» **ASSIGNED TASK**: Write out the lines of the material below exactly, beginning at the line with "シルクの車の足のマットが可愛" and stopping after the line with "- The ideal", and leave out the pictures.

» **EXCERPTED RECORDS**:
========================================
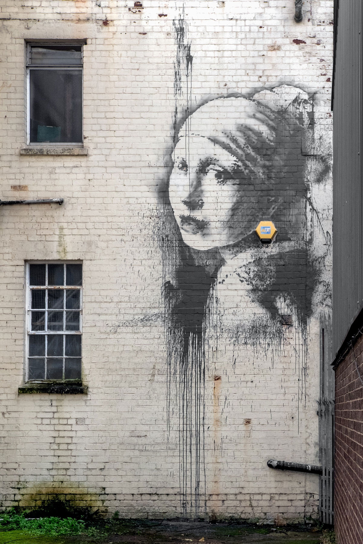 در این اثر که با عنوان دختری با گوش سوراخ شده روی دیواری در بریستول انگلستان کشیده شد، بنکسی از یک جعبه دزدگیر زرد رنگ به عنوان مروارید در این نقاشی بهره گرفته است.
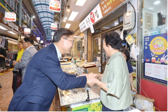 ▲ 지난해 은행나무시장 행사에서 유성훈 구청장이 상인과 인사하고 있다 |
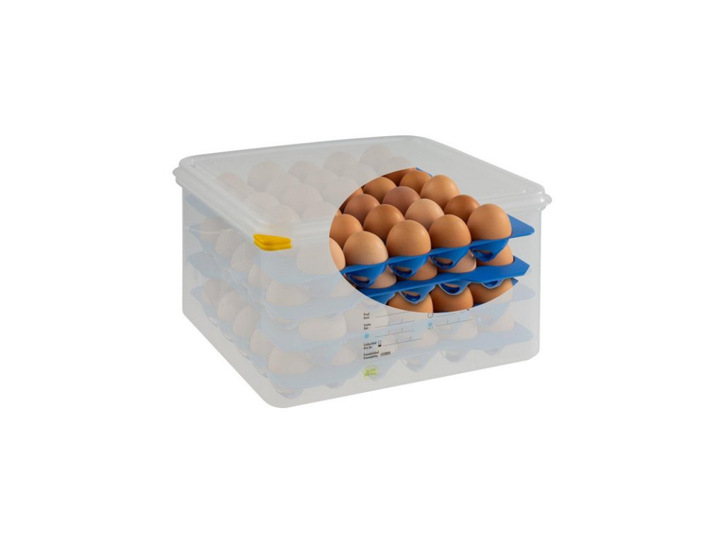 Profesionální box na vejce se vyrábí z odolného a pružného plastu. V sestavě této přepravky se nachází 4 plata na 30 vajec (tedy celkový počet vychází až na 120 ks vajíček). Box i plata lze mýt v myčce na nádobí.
========================================
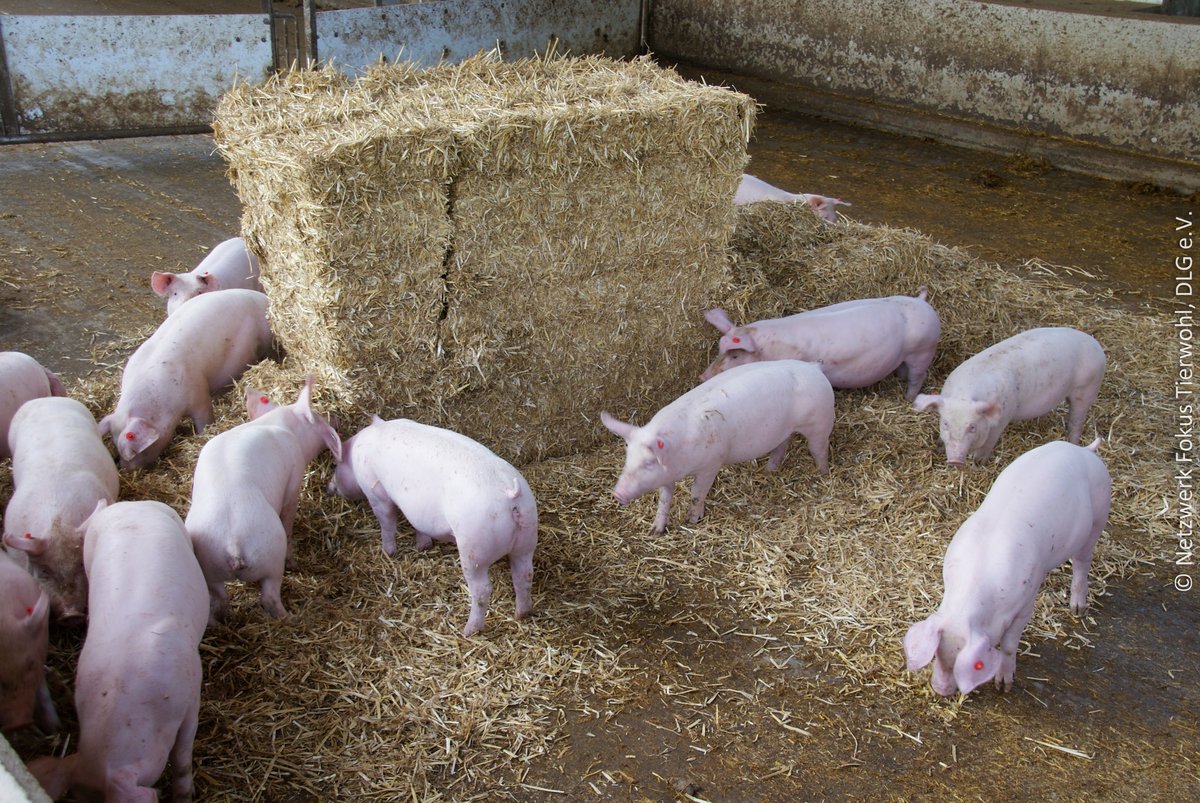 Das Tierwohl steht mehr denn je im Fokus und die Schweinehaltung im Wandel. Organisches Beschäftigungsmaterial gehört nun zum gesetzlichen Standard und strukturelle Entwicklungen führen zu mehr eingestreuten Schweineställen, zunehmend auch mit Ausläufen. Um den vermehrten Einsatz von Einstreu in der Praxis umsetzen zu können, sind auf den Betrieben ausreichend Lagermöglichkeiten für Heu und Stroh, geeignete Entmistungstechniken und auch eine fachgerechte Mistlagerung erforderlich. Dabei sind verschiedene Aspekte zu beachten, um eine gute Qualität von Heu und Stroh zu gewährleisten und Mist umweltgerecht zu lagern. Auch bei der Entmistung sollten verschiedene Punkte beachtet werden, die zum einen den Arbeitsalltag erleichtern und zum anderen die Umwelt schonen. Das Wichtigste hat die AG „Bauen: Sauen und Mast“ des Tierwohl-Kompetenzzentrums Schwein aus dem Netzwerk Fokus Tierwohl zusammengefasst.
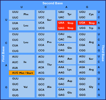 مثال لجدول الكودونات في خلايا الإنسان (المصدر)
========================================
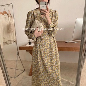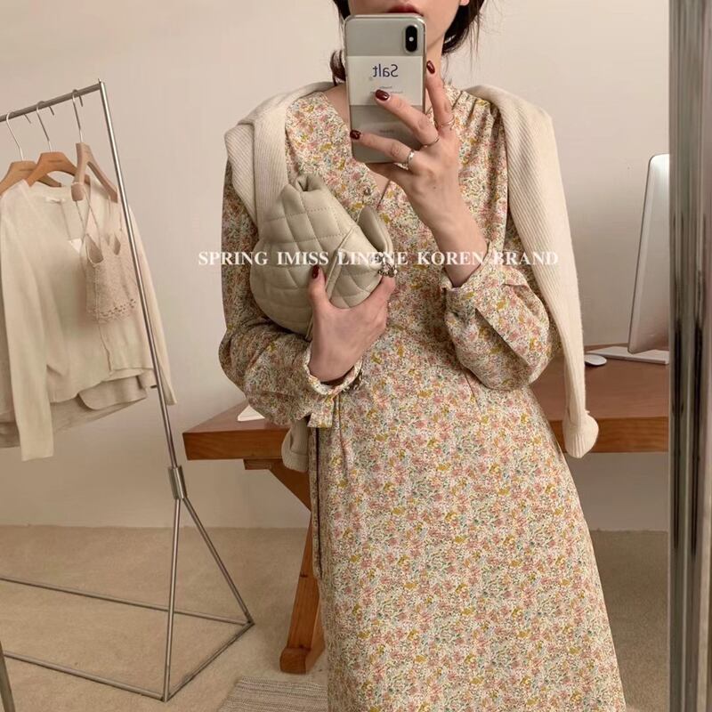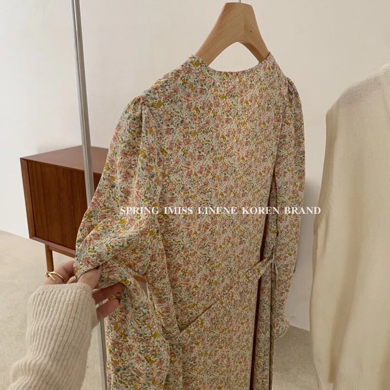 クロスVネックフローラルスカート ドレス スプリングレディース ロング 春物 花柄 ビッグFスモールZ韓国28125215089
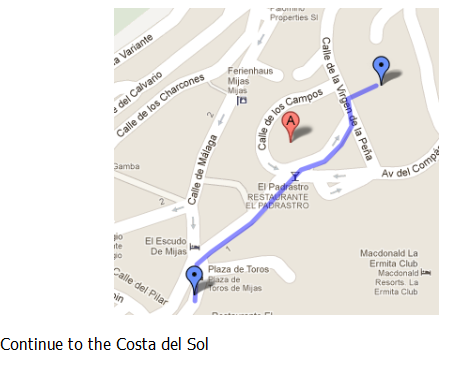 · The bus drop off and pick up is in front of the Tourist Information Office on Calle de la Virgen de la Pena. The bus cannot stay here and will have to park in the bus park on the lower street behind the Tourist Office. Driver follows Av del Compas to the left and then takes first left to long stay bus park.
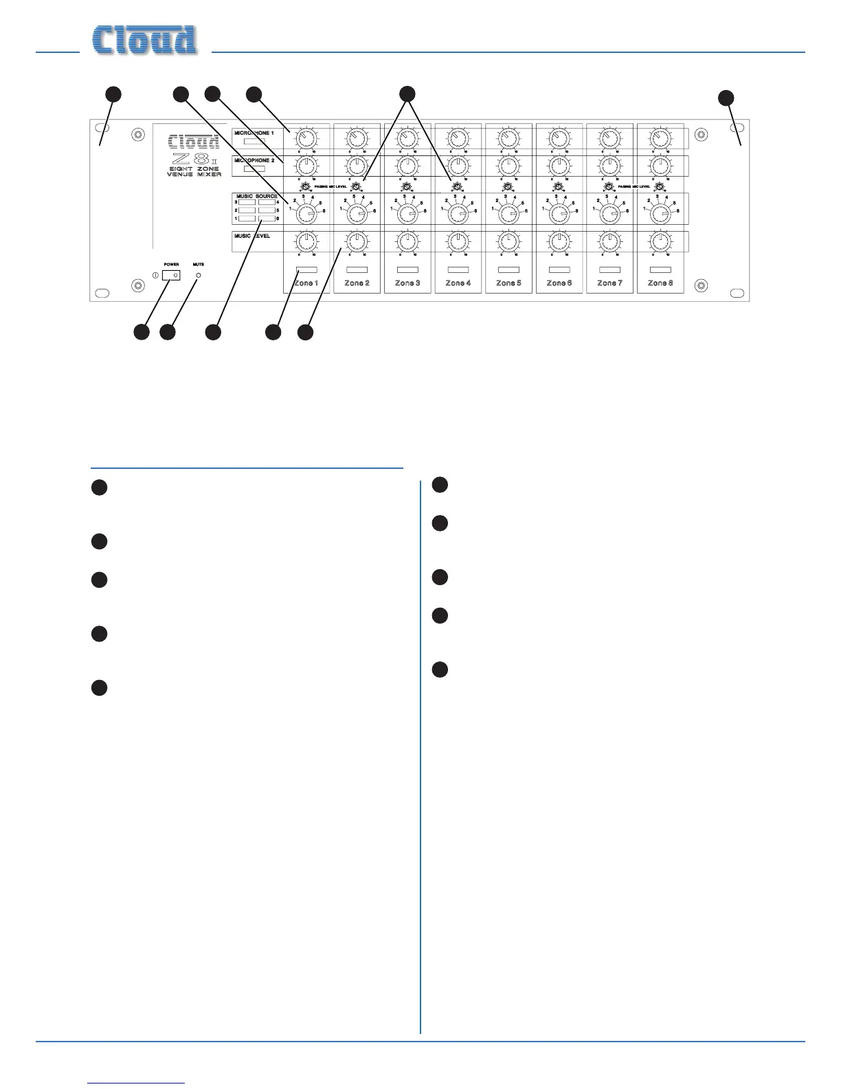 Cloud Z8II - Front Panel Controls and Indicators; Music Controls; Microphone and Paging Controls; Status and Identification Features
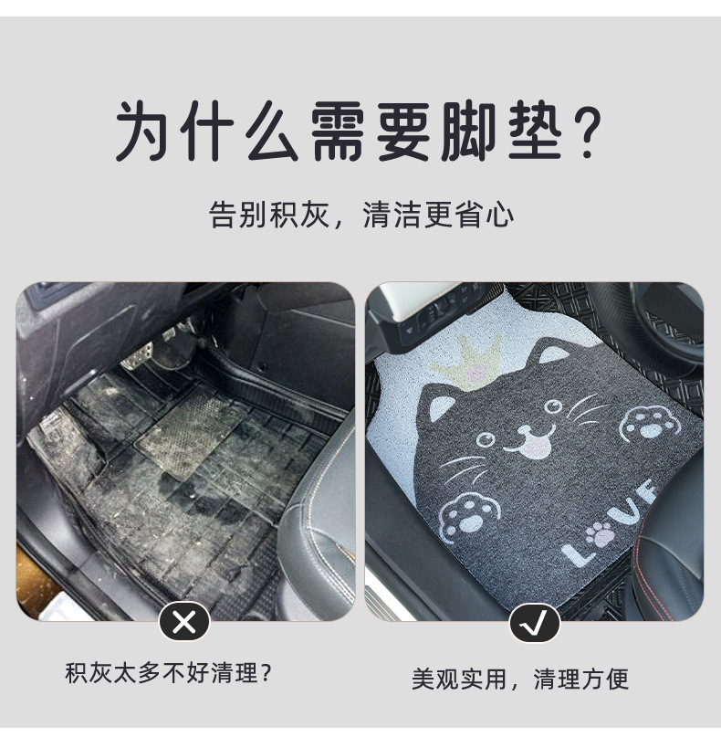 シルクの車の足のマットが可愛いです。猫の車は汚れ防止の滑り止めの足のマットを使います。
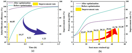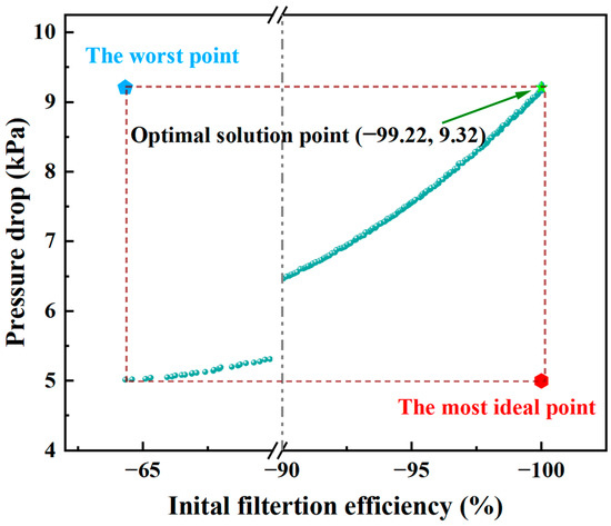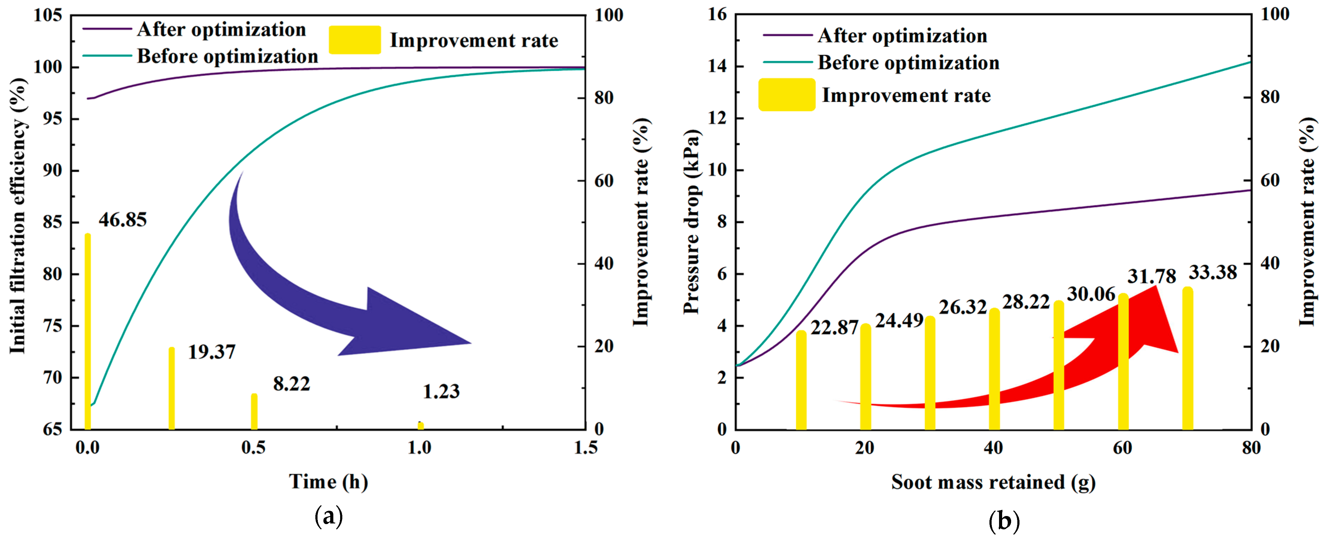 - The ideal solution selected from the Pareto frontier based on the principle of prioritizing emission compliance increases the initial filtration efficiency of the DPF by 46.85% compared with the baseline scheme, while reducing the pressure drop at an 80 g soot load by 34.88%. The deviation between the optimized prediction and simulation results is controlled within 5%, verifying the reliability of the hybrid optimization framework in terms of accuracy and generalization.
========================================
» **EXERCISE RESPONSE**:
 シルクの車の足のマットが可愛いです。猫の車は汚れ防止の滑り止めの足のマットを使います。
 - The ideal solution selected from the Pareto frontier based on the principle of prioritizing emission compliance increases the initial filtration efficiency of the DPF by 46.85% compared with the baseline scheme, while reducing the pressure drop at an 80 g soot load by 34.88%. The deviation between the optimized prediction and simulation results is controlled within 5%, verifying the reliability of the hybrid optimization framework in terms of accuracy and generalization.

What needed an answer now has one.